Country Corner
By Steve Fairchild

Accolades roll in and Norman Borlaug’s revolution rolls on

AT A SPRY 93, NORMAN BORLAUG HAS NO plans to retire. Recently, Borlaug, the celebrated plant scientist, received the Congressional Gold Medal for his lifetime work of tackling world hunger. He adds that honor to a Presidential Medal of Freedom and a Nobel Peace Prize to become one of only five people to have ever achieved all three. He is now peer to Martin Luther King, Jr., Mother Teresa, Nelson Mandela and Holocaust survivor and author, Elie Wiesel.

Borlaug is the only person to have received a Peace Prize for work in agriculture. He took that honor in 1970 after years of work with wheat breeding to develop and adapt high yielding semi-dwarf wheat varieties in Mexico, Pakistan, India and China. From that work, Borlaug is credited with saving more than 1 billion people from famine and starvation. His advancements in crop production helped him become known as the “father of the green revolution” in the 1960s and 1970s.

Borlaug, a farm boy from Cresco, Iowa, was born in 1914 and was of an impressionable age when depression hit the United States in the 1930s. He saw forfeiture sales, poverty and rural hunger. And it made an impression. “I saw all that unfold. And I think that had something to do with how things turned out,” he told a Dallas Morning News reporter in an interview about his career.

While Borlaug may not be traipsing through wheat fields in Mexico anymore, he still works hard to push for food security. By his tenacious nature and trading on his great credibility, Borlaug now champions wise use of biotechnology as the second round of the Green Revolution.

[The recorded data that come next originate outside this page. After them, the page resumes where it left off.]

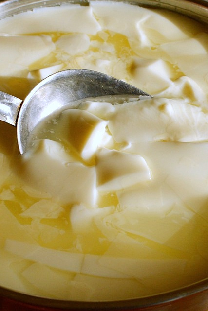 3. Nemaišydami puodo, sutvirtėjusį pieną suraikykite švariu peiliu į kvadratėlius. Dar kartą vos vos, vis dar nemaišydami, pašildykite. Netrukus per pjūvio vietas pasirodys geltonos skaidrios išrūgos. Nukaiskite.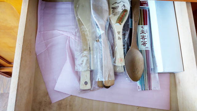 捨てたら一気に引き出しの中がスッキリとしました。木製のスプーンについては、残すか捨てるか今後考える事にします。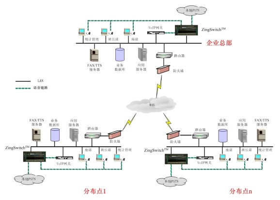 - 系統(tǒng)仍可同時(shí)在總部設(shè)立VoIP中心,用以實(shí)現(xiàn)數(shù)據(jù)和管理的集中,并且采用VoIP的方式,對(duì)各分布點(diǎn)的話務(wù)工作進(jìn)行集中的監(jiān)控。

I was in the room a few years ago at the World Agriculture Forum in St. Louis when Borlaug opened the meeting. The forum, as these things typically are, was filled with a mix of scientists, visionaries and bureaucrats. They had flown in from various far-flung countries to discuss the world’s agriculture and food needs. Of course, questions about biotechnology were raised, and there was a great gnashing of teeth about its proper place in the world.

Norman Borlaug took the podium to vigorous applause, stood before the crowd and, without apology or reservation, admonished all of us for wavering on biotechnology. He shook his finger. He said it was time for more than talk.
That’s a tall order for a conference filled with politicians and bureaucrats. But Borlaug’s worldview reaches beyond today’s real politick. He speaks from the experience of hot dusty days in Mexican wheat fields and war-ravaged Pakistan.

Right now he believes African agriculture has potential to undergo a productive revolution of its own. But that’s why he wags a finger at the crowd. He says you can’t eat potential. It takes the reality of grain and other food to relieve misery. To help Africa, there must be some true reconciliation among food politics partisans.

At a July ceremony to deliver the medal, President Bush said, “Norman Borlaug’s life has taken him from laboratories in America and Mexico to dusty villages throughout the developing world. He’s helped inspire students at Texas A&M, where an institute bearing his name is dedicated to completing his life’s work.”

But Borlaug’s life work isn’t over. There is more work to do in the revolution. Ask him if he will ever retire and Borlaug will tell you his plan is to die with his boots on—working.